__TRY IT__
Exclude the pictures and transcribe the rest of the data below exactly.

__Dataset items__

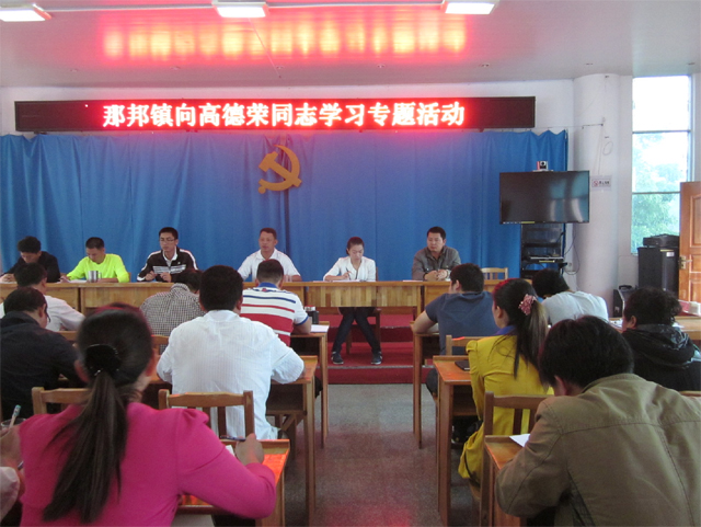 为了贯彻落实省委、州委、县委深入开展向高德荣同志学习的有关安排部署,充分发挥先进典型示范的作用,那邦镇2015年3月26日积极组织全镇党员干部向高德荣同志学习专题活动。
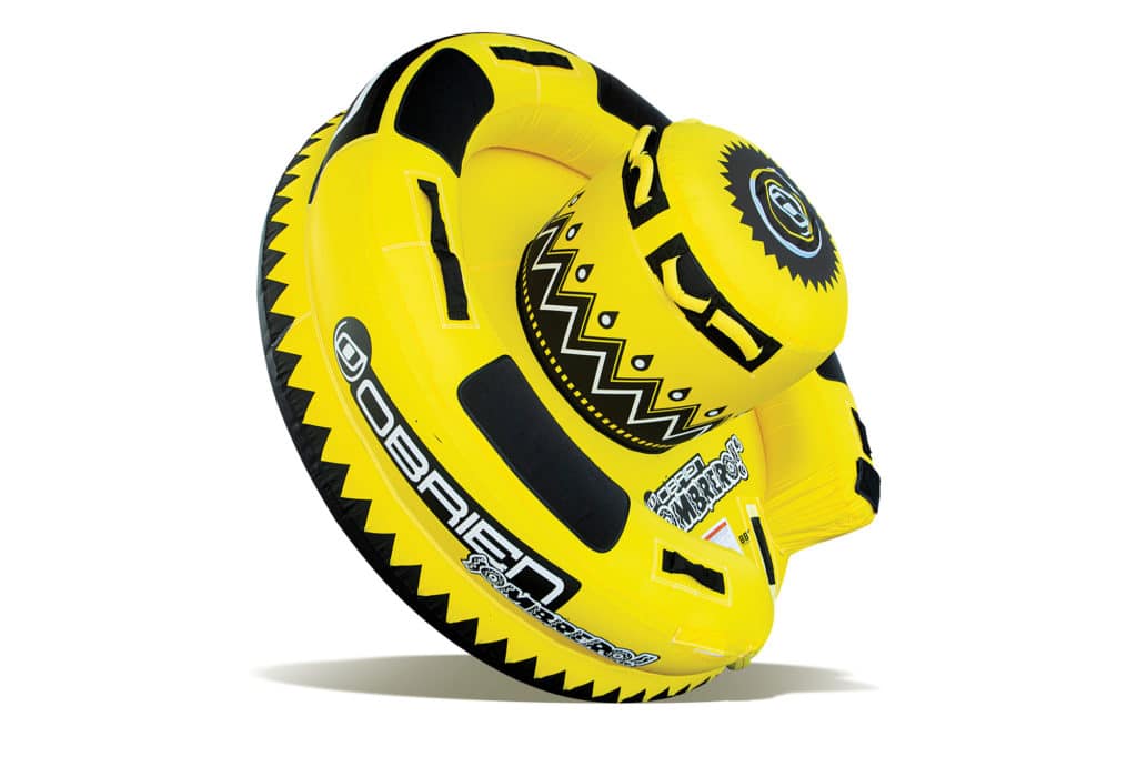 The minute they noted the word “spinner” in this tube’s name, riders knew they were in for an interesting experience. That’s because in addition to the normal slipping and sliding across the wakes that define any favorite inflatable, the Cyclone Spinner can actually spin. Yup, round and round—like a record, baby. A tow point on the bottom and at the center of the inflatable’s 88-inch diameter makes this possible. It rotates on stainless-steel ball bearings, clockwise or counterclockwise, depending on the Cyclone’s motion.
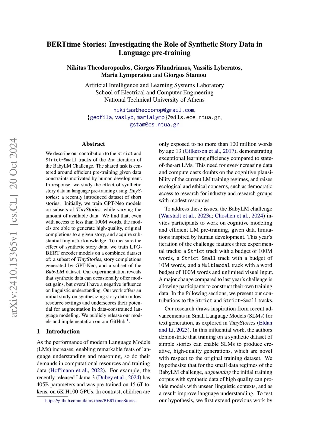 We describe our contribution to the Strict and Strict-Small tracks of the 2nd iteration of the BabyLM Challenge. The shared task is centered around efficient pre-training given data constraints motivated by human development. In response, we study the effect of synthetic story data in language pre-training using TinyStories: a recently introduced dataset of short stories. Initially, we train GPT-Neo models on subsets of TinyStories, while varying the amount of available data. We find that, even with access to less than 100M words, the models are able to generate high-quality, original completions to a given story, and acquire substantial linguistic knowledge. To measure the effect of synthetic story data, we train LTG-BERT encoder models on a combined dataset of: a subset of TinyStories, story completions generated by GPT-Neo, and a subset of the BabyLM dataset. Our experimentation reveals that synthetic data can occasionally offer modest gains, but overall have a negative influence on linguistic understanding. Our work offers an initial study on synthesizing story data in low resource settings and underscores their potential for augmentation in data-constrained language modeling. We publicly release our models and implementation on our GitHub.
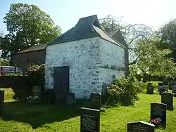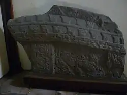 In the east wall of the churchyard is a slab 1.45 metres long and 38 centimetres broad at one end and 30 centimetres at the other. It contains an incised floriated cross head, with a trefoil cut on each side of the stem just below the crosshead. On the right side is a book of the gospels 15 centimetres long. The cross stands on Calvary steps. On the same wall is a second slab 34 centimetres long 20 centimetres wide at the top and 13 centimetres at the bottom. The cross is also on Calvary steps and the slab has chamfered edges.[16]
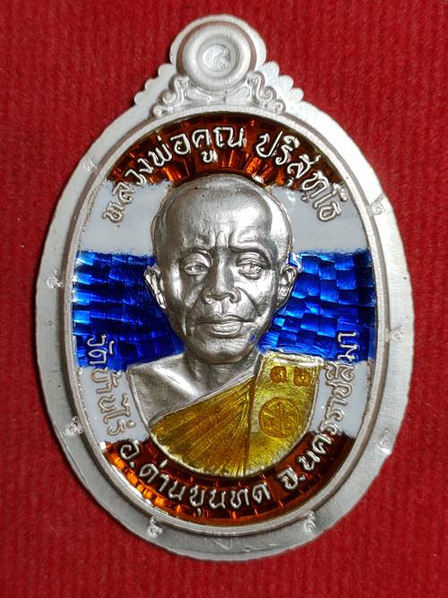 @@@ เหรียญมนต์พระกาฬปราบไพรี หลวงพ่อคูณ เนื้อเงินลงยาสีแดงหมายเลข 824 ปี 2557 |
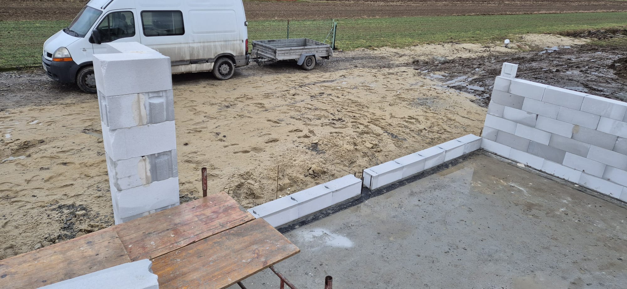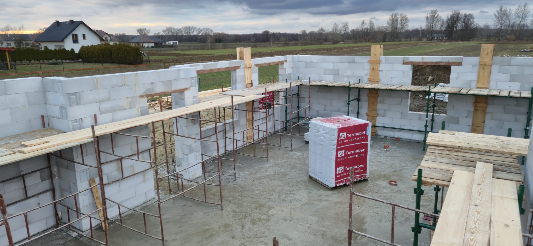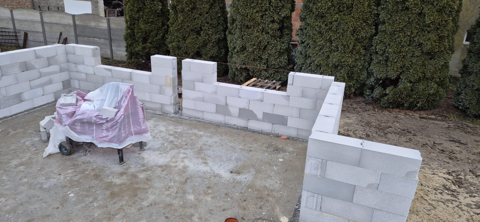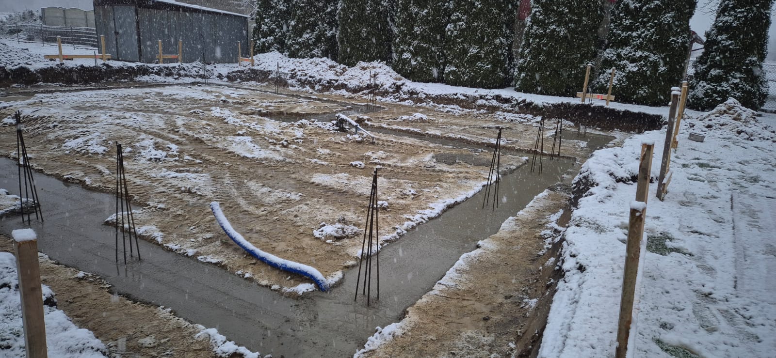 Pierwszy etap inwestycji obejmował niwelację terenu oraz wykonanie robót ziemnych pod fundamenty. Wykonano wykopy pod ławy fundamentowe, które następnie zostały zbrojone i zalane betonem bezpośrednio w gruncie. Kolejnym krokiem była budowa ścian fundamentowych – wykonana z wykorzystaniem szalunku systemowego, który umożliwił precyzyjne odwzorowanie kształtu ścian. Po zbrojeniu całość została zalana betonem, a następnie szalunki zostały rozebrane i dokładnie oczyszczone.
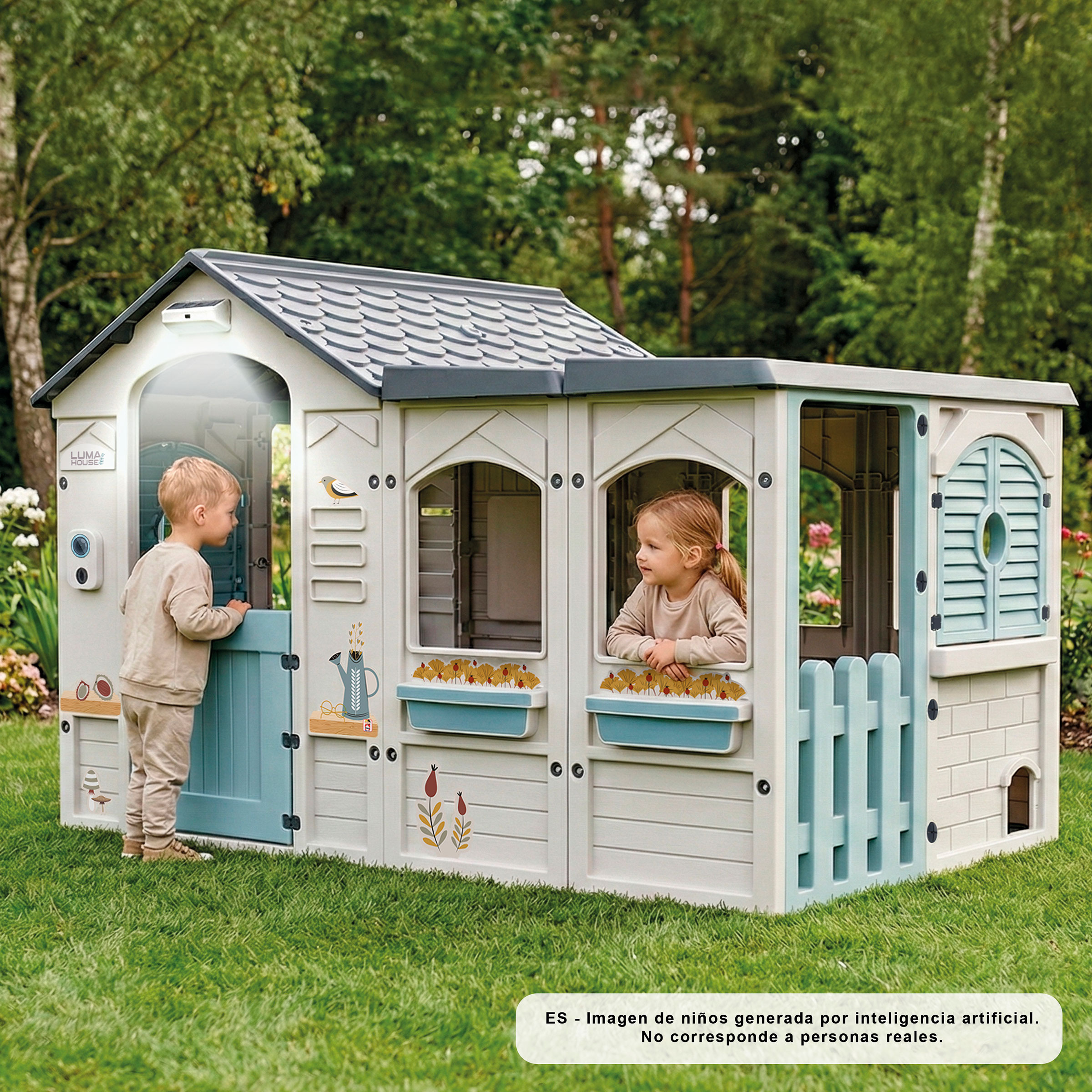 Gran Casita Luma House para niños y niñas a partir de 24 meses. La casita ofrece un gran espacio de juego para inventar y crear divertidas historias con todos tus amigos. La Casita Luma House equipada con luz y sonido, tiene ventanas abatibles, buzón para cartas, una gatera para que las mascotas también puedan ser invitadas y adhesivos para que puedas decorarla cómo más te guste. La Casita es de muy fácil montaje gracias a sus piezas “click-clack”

__SOLUTION__
 为了贯彻落实省委、州委、县委深入开展向高德荣同志学习的有关安排部署,充分发挥先进典型示范的作用,那邦镇2015年3月26日积极组织全镇党员干部向高德荣同志学习专题活动。
 The minute they noted the word “spinner” in this tube’s name, riders knew they were in for an interesting experience. That’s because in addition to the normal slipping and sliding across the wakes that define any favorite inflatable, the Cyclone Spinner can actually spin. Yup, round and round—like a record, baby. A tow point on the bottom and at the center of the inflatable’s 88-inch diameter makes this possible. It rotates on stainless-steel ball bearings, clockwise or counterclockwise, depending on the Cyclone’s motion.
 We describe our contribution to the Strict and Strict-Small tracks of the 2nd iteration of the BabyLM Challenge. The shared task is centered around efficient pre-training given data constraints motivated by human development. In response, we study the effect of synthetic story data in language pre-training using TinyStories: a recently introduced dataset of short stories. Initially, we train GPT-Neo models on subsets of TinyStories, while varying the amount of available data. We find that, even with access to less than 100M words, the models are able to generate high-quality, original completions to a given story, and acquire substantial linguistic knowledge. To measure the effect of synthetic story data, we train LTG-BERT encoder models on a combined dataset of: a subset of TinyStories, story completions generated by GPT-Neo, and a subset of the BabyLM dataset. Our experimentation reveals that synthetic data can occasionally offer modest gains, but overall have a negative influence on linguistic understanding. Our work offers an initial study on synthesizing story data in low resource settings and underscores their potential for augmentation in data-constrained language modeling. We publicly release our models and implementation on our GitHub.
 In the east wall of the churchyard is a slab 1.45 metres long and 38 centimetres broad at one end and 30 centimetres at the other. It contains an incised floriated cross head, with a trefoil cut on each side of the stem just below the crosshead. On the right side is a book of the gospels 15 centimetres long. The cross stands on Calvary steps. On the same wall is a second slab 34 centimetres long 20 centimetres wide at the top and 13 centimetres at the bottom. The cross is also on Calvary steps and the slab has chamfered edges.[16]
 @@@ เหรียญมนต์พระกาฬปราบไพรี หลวงพ่อคูณ เนื้อเงินลงยาสีแดงหมายเลข 824 ปี 2557 |
 Pierwszy etap inwestycji obejmował niwelację terenu oraz wykonanie robót ziemnych pod fundamenty. Wykonano wykopy pod ławy fundamentowe, które następnie zostały zbrojone i zalane betonem bezpośrednio w gruncie. Kolejnym krokiem była budowa ścian fundamentowych – wykonana z wykorzystaniem szalunku systemowego, który umożliwił precyzyjne odwzorowanie kształtu ścian. Po zbrojeniu całość została zalana betonem, a następnie szalunki zostały rozebrane i dokładnie oczyszczone.
 Gran Casita Luma House para niños y niñas a partir de 24 meses. La casita ofrece un gran espacio de juego para inventar y crear divertidas historias con todos tus amigos. La Casita Luma House equipada con luz y sonido, tiene ventanas abatibles, buzón para cartas, una gatera para que las mascotas también puedan ser invitadas y adhesivos para que puedas decorarla cómo más te guste. La Casita es de muy fácil montaje gracias a sus piezas “click-clack”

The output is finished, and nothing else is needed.